No Place to Hide

For a long time, the pope and the bishops were seen as “men apart,” occupying a lofty sphere that no layman could dare enter, with a special standing that blocked all criticism. This attitude has a reasonable foundation: We are dealing here with the successors of the apostles, with those who represent Christ the Good Shepherd on earth, teaching, ruling, and sanctifying in His name and by His authority.

However, it is an attitude that has its limits, too, when we remember that we are dealing not with Christ Himself, nor with the irreplaceable Apostles who sit on the 12 thrones, but with fallen men who can either live up to their high calling or fail badly in it.

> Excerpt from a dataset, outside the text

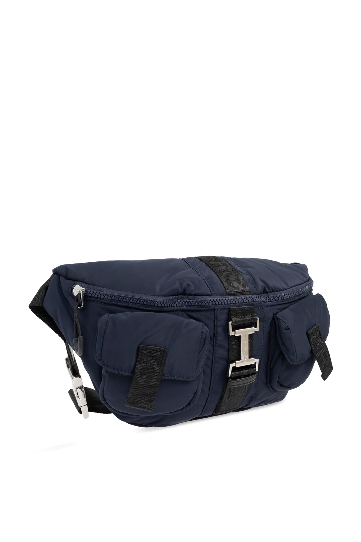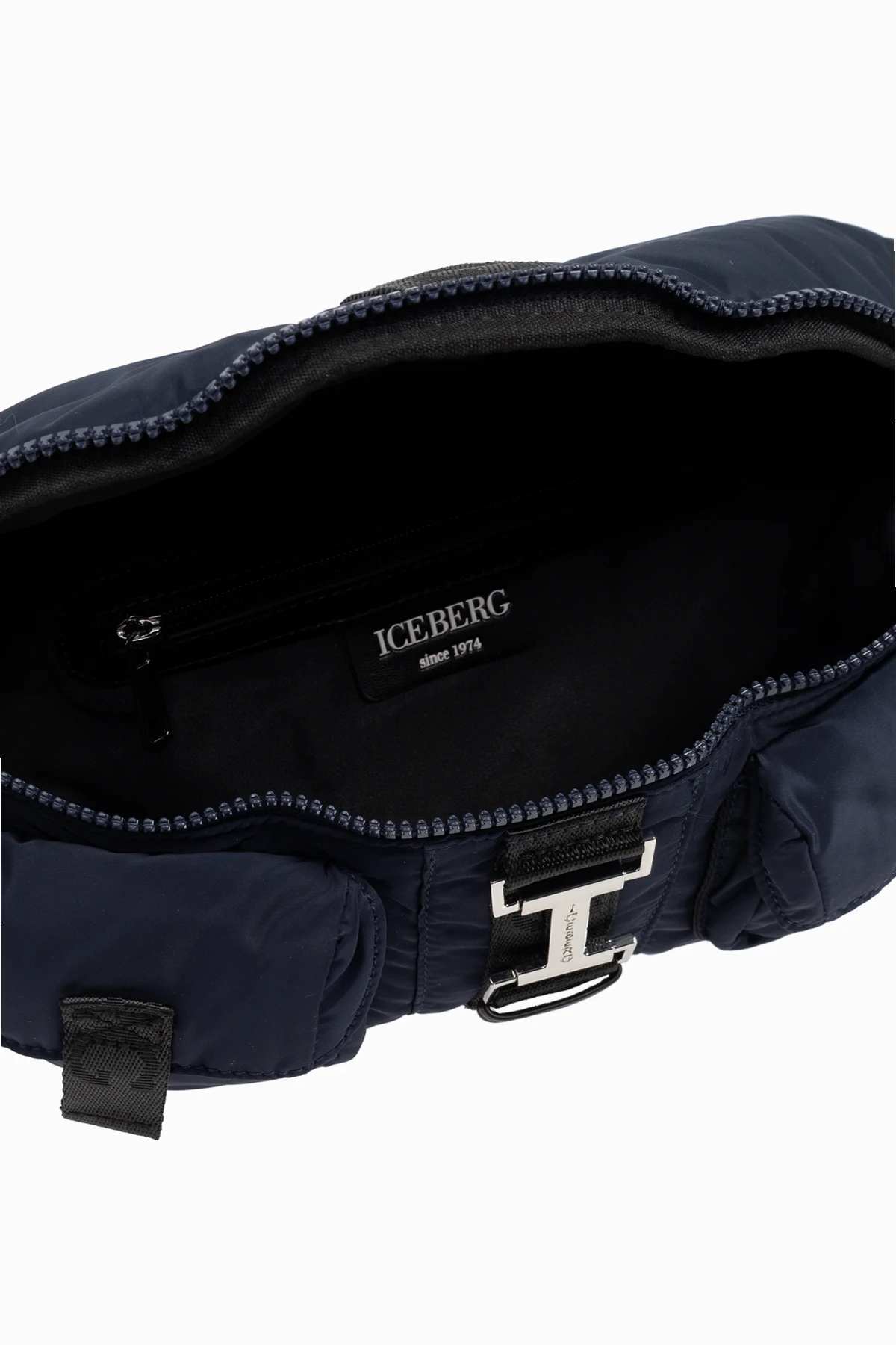 Introducing the Iceberg Belt Bag from an exclusive collection, a sublime fusion of style and practicality. This navy-blue and black masterpiece boasts a classic, rectangular silhouette with gracefully rounded edges, designed for the discerning individual. Crafted from durable synthetic material, it exudes elegance while ensuring resilience. The bag features two external flap pockets, secured with additional straps, and a top zipper closure for added security. The central metal accent, engraved with the iconic \"ICEBERG\" logo, adds a touch of sophistication. With a versatile adjustable strap, this bag can be comfortably worn on the hips or across the shoulder. Inside, discover a zipped pocket and spacious compartment that enhance its functionality for everyday use. Why Choose This Product? Elegant and durable design. Adjustable strap for versatile wear. Ample storage with three secure pockets. Emblematic \"ICEBERG\" logo accent. Ideal for daily adventures.

In past ages, sinful prelates often lived “high off the hog” at the expense of the laity, and there was little enough that could be done to expose them, influence them, or shame them. In like manner, holy and courageous prelates might be praised locally, and perhaps their reputation would eventually spread (especially after their death, when a cultus would begin for the holiest of them all), but again, there was a practical limit on the reach of their good influence.

Today, however, the situation has changed dramatically, thanks to the media. It is no longer possible for a bishop to do good quietly or to do evil quietly. Already this was true in the age of newspapers and magazines, but the internet has exponentially intensified the bright spotlight shining on the public actions and statements of any bishop. He cannot hide. He must make a choice: be boldly good; be boldly evil; or look indifferent, disengaged, cowardly.